### STORED DATA:

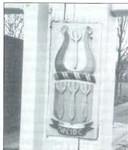
Detail van het toegangshek van "Erve Weide" in Ruinerwold.
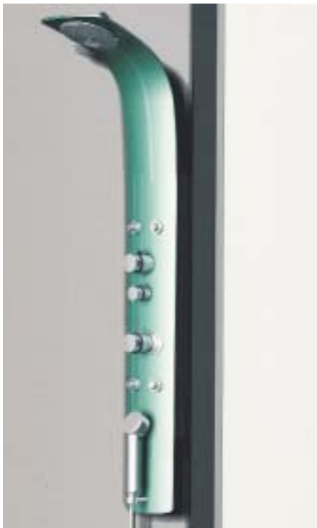
Die Duschsäule Aquadrive überrascht durch ein fast puristisches Design

Die zur ISH 2001 vorgestellte Duschsäule Aquadrive zeigt sich mit gebogener, 10 mm starken Floatglas-Fläche mit teilmattem Dekordruck. Die Wand- oder Eckversion ist mit vier Seitenbrausen, je einer Kopf- und Handbrause sowie einem Thermostatventil ausgestattet.
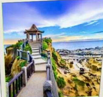
อุทยานเกาะเหอผิง
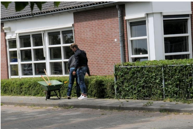
Snoeien van de heg

### ASSIGNMENT:
Output the full listing verbatim, but drop the images.

### FINISHED TASK:
Detail van het toegangshek van "Erve Weide" in Ruinerwold.
Die Duschsäule Aquadrive überrascht durch ein fast puristisches Design

Die zur ISH 2001 vorgestellte Duschsäule Aquadrive zeigt sich mit gebogener, 10 mm starken Floatglas-Fläche mit teilmattem Dekordruck. Die Wand- oder Eckversion ist mit vier Seitenbrausen, je einer Kopf- und Handbrause sowie einem Thermostatventil ausgestattet.
อุทยานเกาะเหอผิง
Snoeien van de heg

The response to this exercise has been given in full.